Frequently asked questions

Why are we still being penalized for losses tied to previous ownership or management?
The market does not do the work to distinguish between past and present operators. Underwriters see an address and assume continuity. That assumption punishes good operators who inherited bad buildings. We dismantle this bias by documenting operational changes, clinical improvements, governance upgrades, and systemic corrections. When we’re done, the market sees a new operator with new risk behavior, not the ghosts of past ownership.
Why are our premiums rising so aggressively when our internal operations have improved?

Carriers are responding to external distortions rather than your actual performance. Litigation trends, venue severity, staffing volatility, and state-specific regulatory pressure all get baked into your pricing whether they apply to your building or not. Most brokers simply accept those factors. We refuse to. We separate controllable risk from industry noise, prove the improvements you've made, and force underwriters to acknowledge the difference.

How much of our pricing is dictated by the venue we operate in rather than our actual performance?

A significant amount. Some jurisdictions produce inflated verdicts regardless of clinical merit. Carriers overcorrect by surcharging entire counties or states. Your actual operation becomes secondary to the ZIP code. We confront that bias directly, provide data proving your control environment, and negotiate pricing and terms based on your actual risk rather than your geography.

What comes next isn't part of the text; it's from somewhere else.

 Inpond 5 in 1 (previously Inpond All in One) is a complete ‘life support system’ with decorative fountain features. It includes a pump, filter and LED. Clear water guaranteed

What are the most common operational patterns that lead to preventable claims?

Claims rarely come from catastrophic failure. They originate from operational drift. A lapse in supervision. A missed reassessment. A pattern in falls that goes unaddressed. We analyze trends, identify the points where drift begins, and intervene before claims become predictable. Most brokers stop at insurance placement. We fix the underlying conditions that drive losses.

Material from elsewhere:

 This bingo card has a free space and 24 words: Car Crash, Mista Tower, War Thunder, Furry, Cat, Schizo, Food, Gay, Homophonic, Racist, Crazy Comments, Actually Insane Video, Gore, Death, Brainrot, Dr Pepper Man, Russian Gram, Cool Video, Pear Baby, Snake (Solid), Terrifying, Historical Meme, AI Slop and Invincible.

How early should we start preparing for renewal, and why does it matter?

At least 120 days ahead. Senior living accounts require a strategic narrative, detailed operational review, verified data, and a clear message to underwriters explaining why you deserve better terms than your loss history suggests. Starting late reduces leverage, limits carrier engagement, and results in rushed submissions. We begin early so we control the timeline rather than the market controlling you.

Does implementing risk management technology actually change the way carriers price us?
Yes, when the technology produces real, actionable data and not surface-level reports. Tools that track falls, wounds, elopement risk, medication errors, and response timelines give underwriters objective evidence of control. We integrate these systems, interpret the outputs, and supply underwriters with meaningful trend data. That moves your evaluation from subjective perception to measurable discipline.
Why do brokers keep describing us as “tough to place”?
Because most brokers rely on templates, portals, and volume-based marketing. They lack the clinical, legal, and operational expertise required to defend a senior living account in a hard market. When they encounter resistance, they retreat. We do the opposite. We specialize in risks that others avoid. Tough-to-place is not a warning label to us. It is a category we dominate.
How do we know your approach will actually change our insurance outcomes?
Because we address the root causes of underwriting hesitation rather than the symptoms. We separate you from legacy issues, build a defensible operational narrative, strengthen your claims posture, validate your improvements with data, and take your case directly to decision makers. The market listens to us because webring clarity, truth, and control when others bring excuses and incomplete files. Results follow because the process is built to withstand scrutiny.